4.Analysis of digital skills using online job advertisements

Digital technologies such as artificial intelligence, the internet of things, cloud computing, and recently also large language models such as Chatgpt are the main forces behind reshaping the world of work nowadays. The increased interest in understanding the demand for digital skills is related to their growing importance for employers. For example, the use of Austrian and German longitudinal data confirmed that, among others, the increase in the use of social media in the workplace of public relations specialists translated into higher demand for digital skills among this occupational group [16]. As individuals’ skills are essential in making any change happen, it is important to understand trends in labour market demands professions leading the digital transition, including software developers, ICT technicians, and programmers (e.g. [17]). For example, the analysis of advertisements in Germany showed that knowledge of programming languages such as Java, C and Python was in most demand for computer scientist positions [18].

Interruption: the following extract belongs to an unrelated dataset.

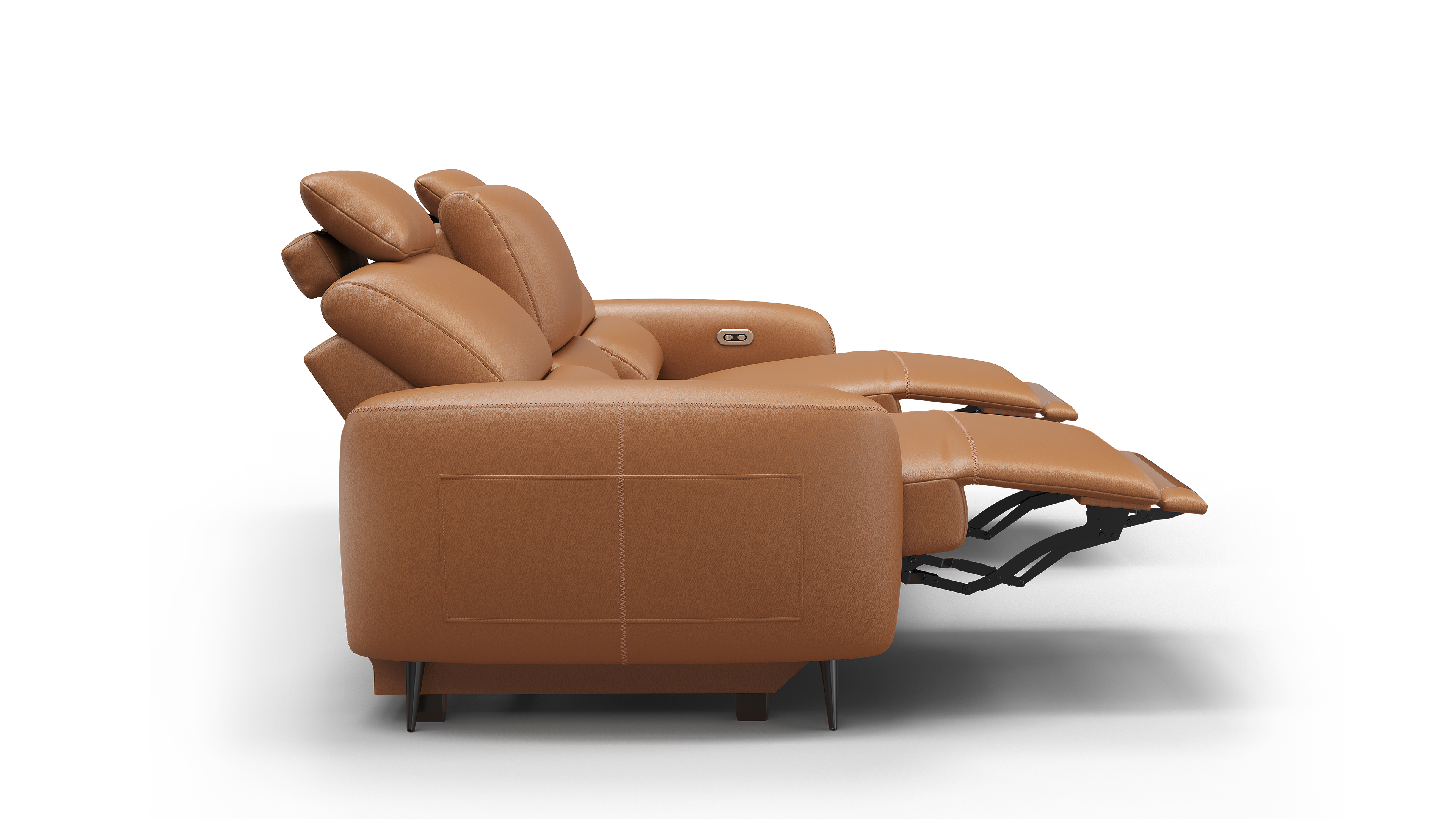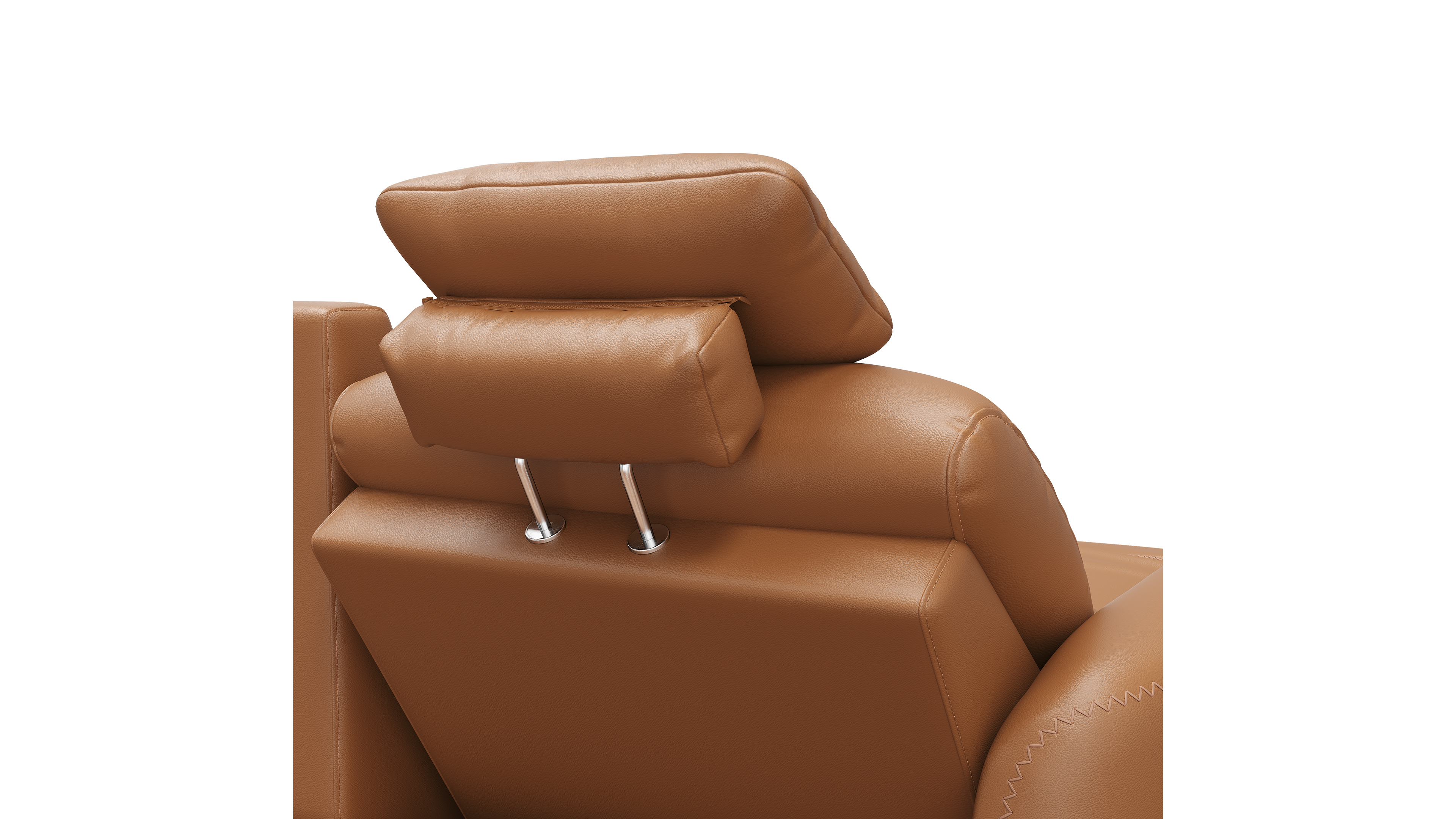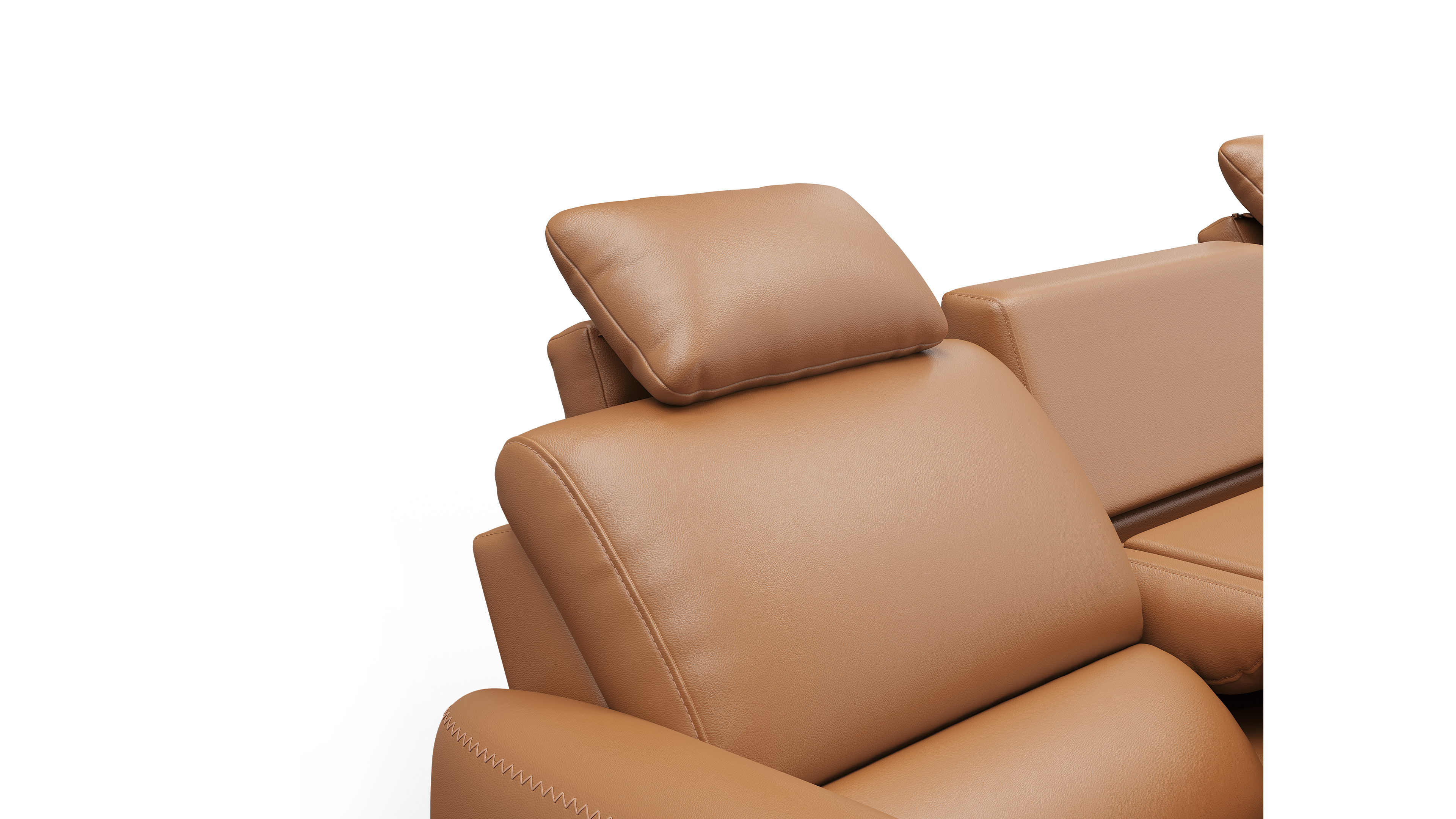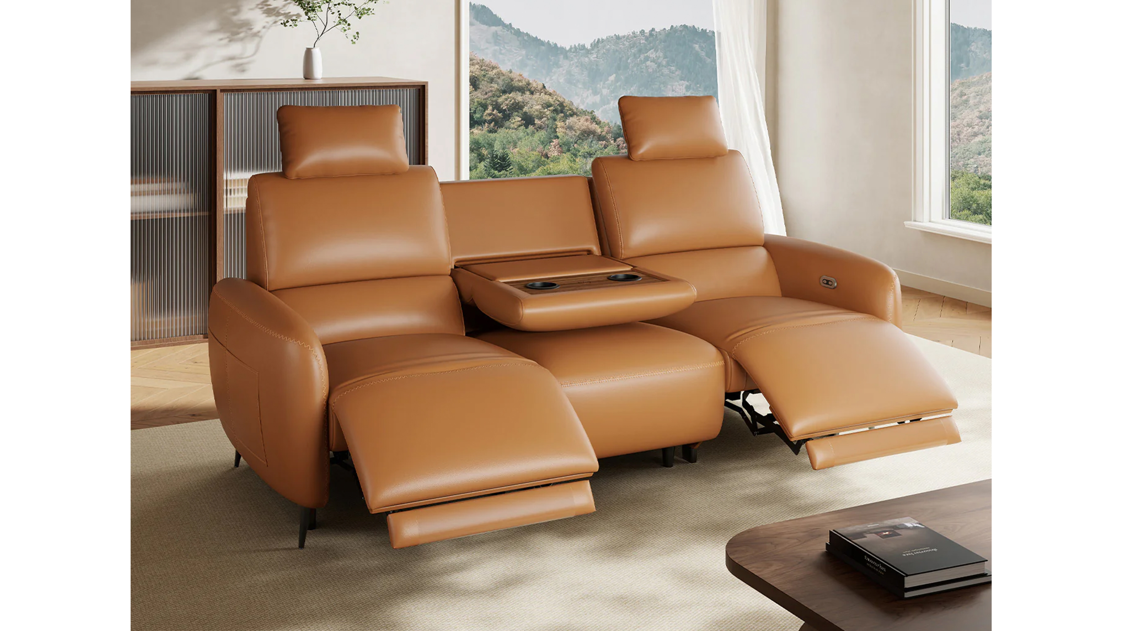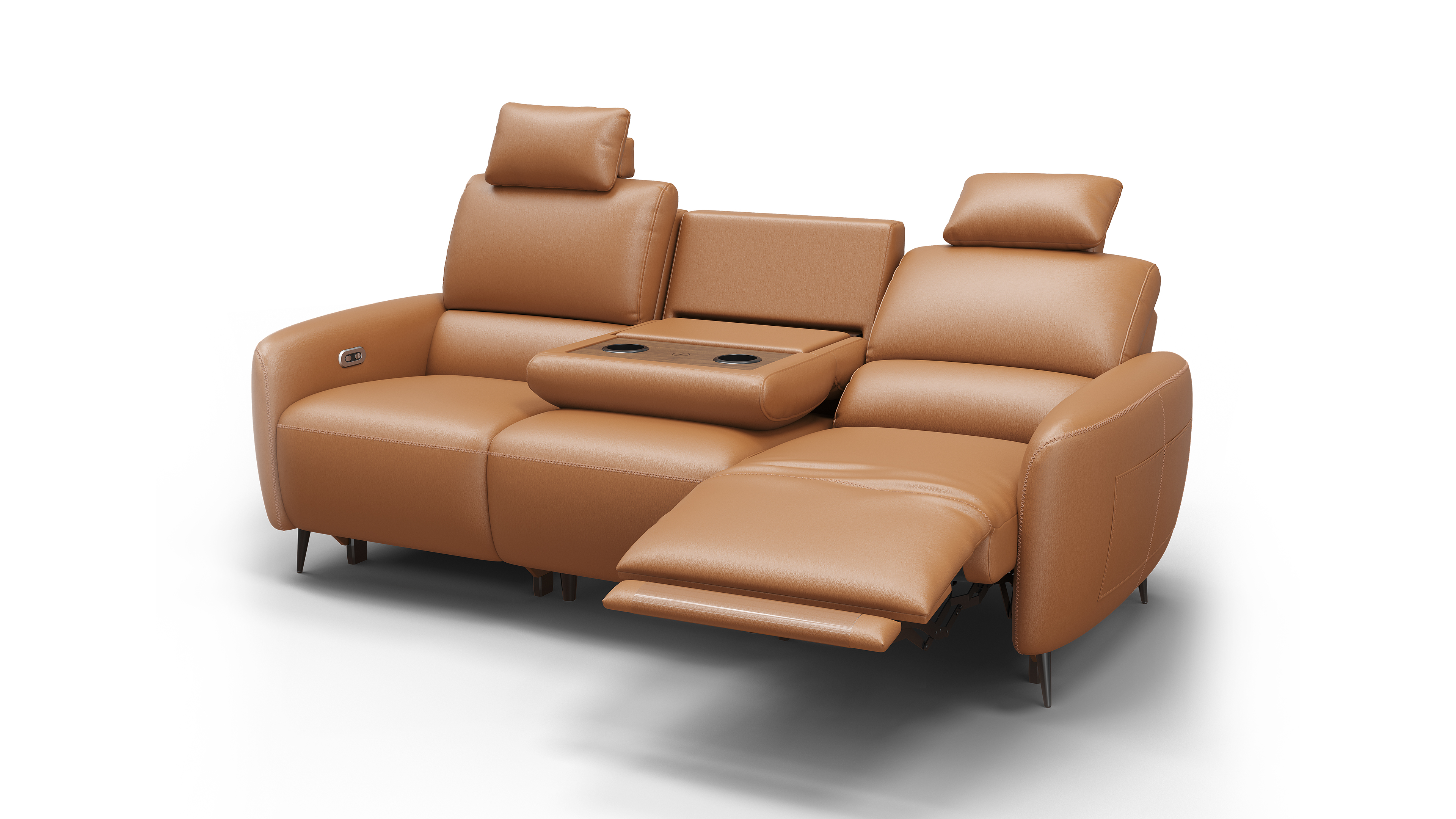 Functionally, the sofa incorporates an advanced hidden airbag massage system, merging wellness technology with refined design. Users can adjust the backrest angle from 110° to 150°, elevate the footrest up to nearly 90°, and customize the headrest height to achieve ideal seating or reclining positions. Multiple massage modes and intensity levels can be easily controlled through a side remote, blending convenience with personalized comfort.

Analysing job offers also allows one to understand emerging occupations, which did not exist when the taxonomies, such as the ISCO, were updated in 2008 [19]. The comparison of advertisements and skills requested for ICT and statisticians’ roles confirmed that making distinct classifications of these two occupations still holds, e.g., computing skills are distinctive for software developers [20]. Analysing skills contained in online job advertisements may have the final purpose of informing education providers more efficiently, such as the work of Gurcan and Cagiltay [21], which contributed to gaining more insights about competencies that big data software engineers are expected to have.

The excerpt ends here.